**THE PROBLEM**
In the entries below, find the line with "Navy Blue Rayon" and the line with "朱凤瀚《西汉海昏侯刘贺墓出土", then retype both and everything between them exactly. Do not copy the pictures.

**MATERIAL SHOWN**
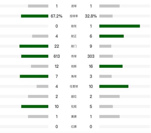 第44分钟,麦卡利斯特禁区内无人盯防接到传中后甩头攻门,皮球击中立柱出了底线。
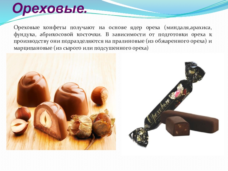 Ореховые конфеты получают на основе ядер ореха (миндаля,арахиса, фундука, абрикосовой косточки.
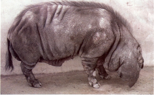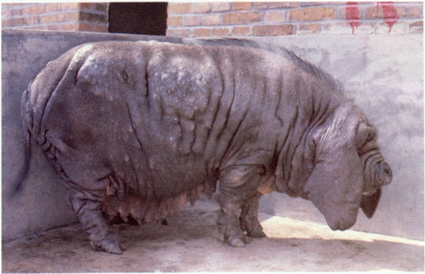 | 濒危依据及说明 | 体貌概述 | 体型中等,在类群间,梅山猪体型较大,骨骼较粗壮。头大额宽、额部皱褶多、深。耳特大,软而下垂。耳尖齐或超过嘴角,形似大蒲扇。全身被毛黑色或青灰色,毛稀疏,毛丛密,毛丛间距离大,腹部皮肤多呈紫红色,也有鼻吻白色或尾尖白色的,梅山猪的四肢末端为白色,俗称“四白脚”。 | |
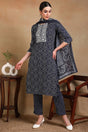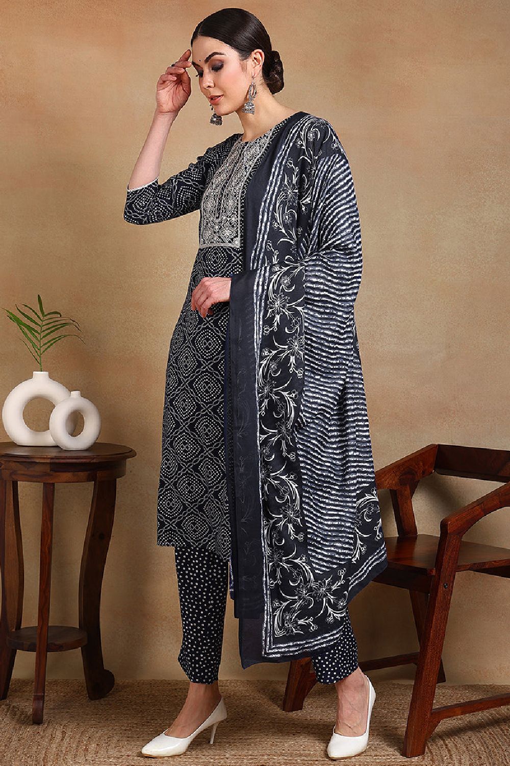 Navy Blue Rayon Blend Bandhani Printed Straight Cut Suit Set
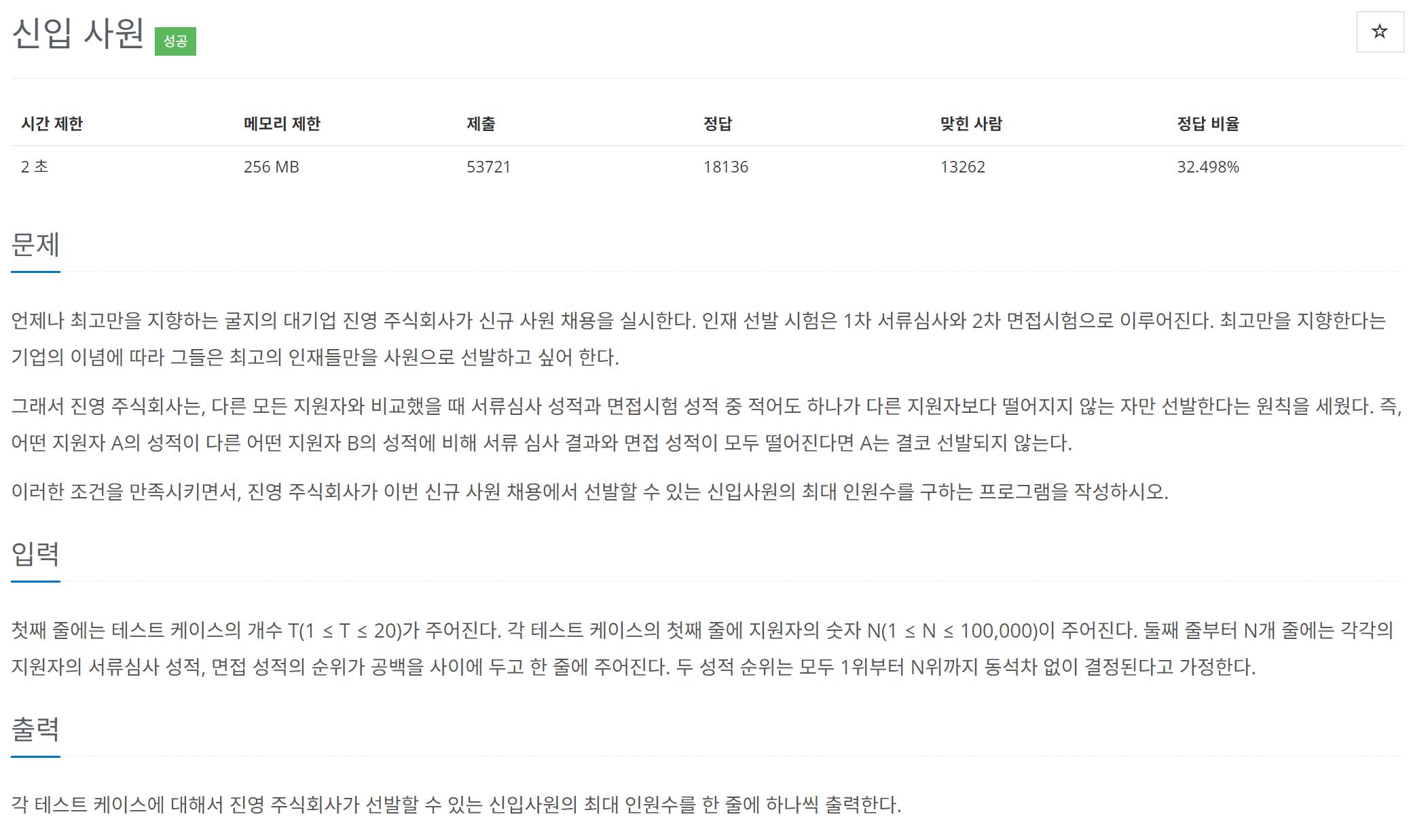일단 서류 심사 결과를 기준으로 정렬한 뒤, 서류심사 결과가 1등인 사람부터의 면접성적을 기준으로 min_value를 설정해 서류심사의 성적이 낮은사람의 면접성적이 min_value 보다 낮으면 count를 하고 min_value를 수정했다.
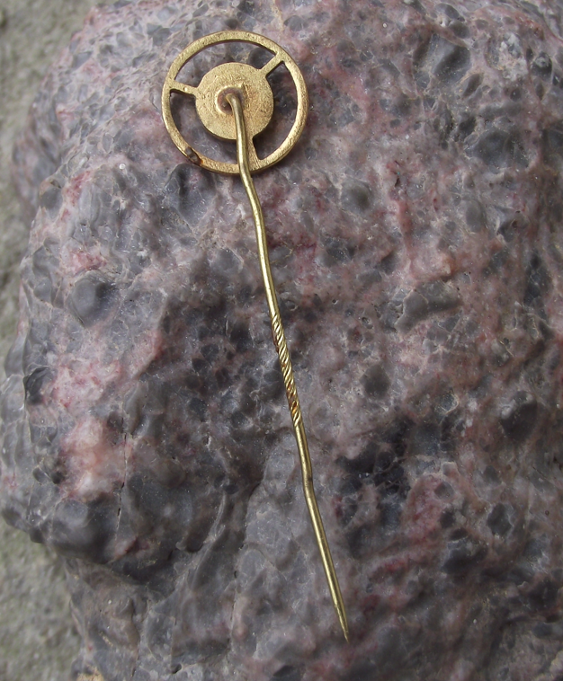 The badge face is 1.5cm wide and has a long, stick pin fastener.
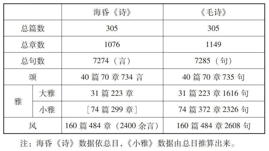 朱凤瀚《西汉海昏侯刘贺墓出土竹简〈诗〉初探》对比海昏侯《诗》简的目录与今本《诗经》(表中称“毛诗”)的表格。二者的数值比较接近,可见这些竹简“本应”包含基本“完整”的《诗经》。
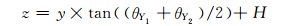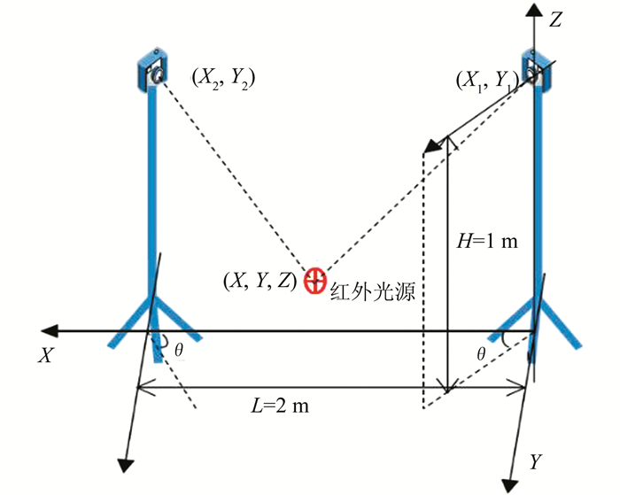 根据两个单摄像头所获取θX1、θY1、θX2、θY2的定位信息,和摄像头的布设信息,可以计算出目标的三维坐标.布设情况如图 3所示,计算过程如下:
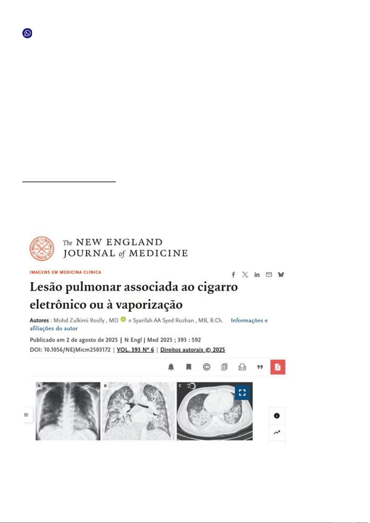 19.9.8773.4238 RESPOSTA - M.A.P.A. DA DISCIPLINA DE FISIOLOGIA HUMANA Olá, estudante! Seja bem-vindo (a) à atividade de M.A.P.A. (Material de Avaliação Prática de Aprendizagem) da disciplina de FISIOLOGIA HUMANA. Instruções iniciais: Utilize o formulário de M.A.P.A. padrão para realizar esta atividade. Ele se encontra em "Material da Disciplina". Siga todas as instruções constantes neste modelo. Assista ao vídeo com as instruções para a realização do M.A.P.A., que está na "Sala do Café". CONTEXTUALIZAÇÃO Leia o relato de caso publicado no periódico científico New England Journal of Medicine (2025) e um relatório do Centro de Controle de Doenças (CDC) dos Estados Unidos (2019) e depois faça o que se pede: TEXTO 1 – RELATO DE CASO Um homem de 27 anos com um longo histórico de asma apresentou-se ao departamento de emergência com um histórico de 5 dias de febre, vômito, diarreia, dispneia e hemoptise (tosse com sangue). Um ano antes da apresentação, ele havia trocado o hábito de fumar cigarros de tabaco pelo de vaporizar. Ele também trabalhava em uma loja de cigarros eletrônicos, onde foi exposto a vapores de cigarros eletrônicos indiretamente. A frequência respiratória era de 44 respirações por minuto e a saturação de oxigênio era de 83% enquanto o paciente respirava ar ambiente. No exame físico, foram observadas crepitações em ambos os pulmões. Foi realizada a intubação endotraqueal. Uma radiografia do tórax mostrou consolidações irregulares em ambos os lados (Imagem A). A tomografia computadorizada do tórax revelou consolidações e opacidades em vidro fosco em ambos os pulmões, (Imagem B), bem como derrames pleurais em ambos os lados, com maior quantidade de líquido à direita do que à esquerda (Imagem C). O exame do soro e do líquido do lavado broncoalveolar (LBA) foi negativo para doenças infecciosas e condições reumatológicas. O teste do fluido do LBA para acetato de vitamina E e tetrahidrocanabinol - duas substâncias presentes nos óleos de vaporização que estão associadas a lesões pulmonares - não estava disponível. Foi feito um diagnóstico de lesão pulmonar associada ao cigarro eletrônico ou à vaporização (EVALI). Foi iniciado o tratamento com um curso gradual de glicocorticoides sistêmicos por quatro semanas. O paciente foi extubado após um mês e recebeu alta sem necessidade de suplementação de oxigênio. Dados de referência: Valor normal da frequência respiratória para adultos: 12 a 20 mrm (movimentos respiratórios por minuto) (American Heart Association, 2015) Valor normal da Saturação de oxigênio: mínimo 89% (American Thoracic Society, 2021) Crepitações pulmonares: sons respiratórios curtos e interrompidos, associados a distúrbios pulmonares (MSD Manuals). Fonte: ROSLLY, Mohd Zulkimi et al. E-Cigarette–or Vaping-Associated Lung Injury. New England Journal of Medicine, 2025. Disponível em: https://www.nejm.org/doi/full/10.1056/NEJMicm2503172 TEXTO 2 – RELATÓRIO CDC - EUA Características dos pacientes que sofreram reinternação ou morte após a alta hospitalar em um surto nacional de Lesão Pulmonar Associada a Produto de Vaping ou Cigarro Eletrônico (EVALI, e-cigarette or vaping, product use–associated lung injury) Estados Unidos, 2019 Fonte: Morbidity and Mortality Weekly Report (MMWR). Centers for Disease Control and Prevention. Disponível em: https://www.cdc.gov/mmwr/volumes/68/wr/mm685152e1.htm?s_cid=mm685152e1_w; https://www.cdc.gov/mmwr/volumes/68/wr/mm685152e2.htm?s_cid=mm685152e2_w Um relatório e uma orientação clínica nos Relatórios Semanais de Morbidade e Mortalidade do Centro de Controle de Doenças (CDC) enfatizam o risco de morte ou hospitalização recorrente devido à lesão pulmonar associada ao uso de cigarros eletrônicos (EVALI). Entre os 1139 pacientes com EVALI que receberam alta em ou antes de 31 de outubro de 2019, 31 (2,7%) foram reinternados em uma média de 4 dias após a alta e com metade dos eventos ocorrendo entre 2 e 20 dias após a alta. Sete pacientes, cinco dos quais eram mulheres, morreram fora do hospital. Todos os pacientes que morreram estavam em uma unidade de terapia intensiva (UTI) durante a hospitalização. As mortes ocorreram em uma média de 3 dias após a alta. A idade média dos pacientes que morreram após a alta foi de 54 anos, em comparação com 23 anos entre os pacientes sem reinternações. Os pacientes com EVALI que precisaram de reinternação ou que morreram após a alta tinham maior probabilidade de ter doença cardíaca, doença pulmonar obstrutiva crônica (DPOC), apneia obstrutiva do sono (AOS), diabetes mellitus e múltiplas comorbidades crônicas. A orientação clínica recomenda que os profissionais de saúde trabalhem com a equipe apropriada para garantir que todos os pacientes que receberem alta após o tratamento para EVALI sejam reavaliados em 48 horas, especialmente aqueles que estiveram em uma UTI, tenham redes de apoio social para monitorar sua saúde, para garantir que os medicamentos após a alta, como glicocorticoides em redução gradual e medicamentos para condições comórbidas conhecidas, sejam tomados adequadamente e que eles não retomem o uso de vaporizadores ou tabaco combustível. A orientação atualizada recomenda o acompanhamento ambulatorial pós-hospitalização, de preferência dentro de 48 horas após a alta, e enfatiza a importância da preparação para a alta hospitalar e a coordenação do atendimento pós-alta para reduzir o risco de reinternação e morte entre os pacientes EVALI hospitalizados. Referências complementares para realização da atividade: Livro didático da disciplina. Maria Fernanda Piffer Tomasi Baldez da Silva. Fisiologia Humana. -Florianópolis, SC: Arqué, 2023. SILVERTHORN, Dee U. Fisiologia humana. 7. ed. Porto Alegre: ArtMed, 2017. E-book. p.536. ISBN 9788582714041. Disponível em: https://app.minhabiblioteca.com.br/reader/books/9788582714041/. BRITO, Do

**RESULT OF THE EXERCISE**
 Navy Blue Rayon Blend Bandhani Printed Straight Cut Suit Set
일단 서류 심사 결과를 기준으로 정렬한 뒤, 서류심사 결과가 1등인 사람부터의 면접성적을 기준으로 min_value를 설정해 서류심사의 성적이 낮은사람의 면접성적이 min_value 보다 낮으면 count를 하고 min_value를 수정했다.
 The badge face is 1.5cm wide and has a long, stick pin fastener.
 朱凤瀚《西汉海昏侯刘贺墓出土竹简〈诗〉初探》对比海昏侯《诗》简的目录与今本《诗经》(表中称“毛诗”)的表格。二者的数值比较接近,可见这些竹简“本应”包含基本“完整”的《诗经》。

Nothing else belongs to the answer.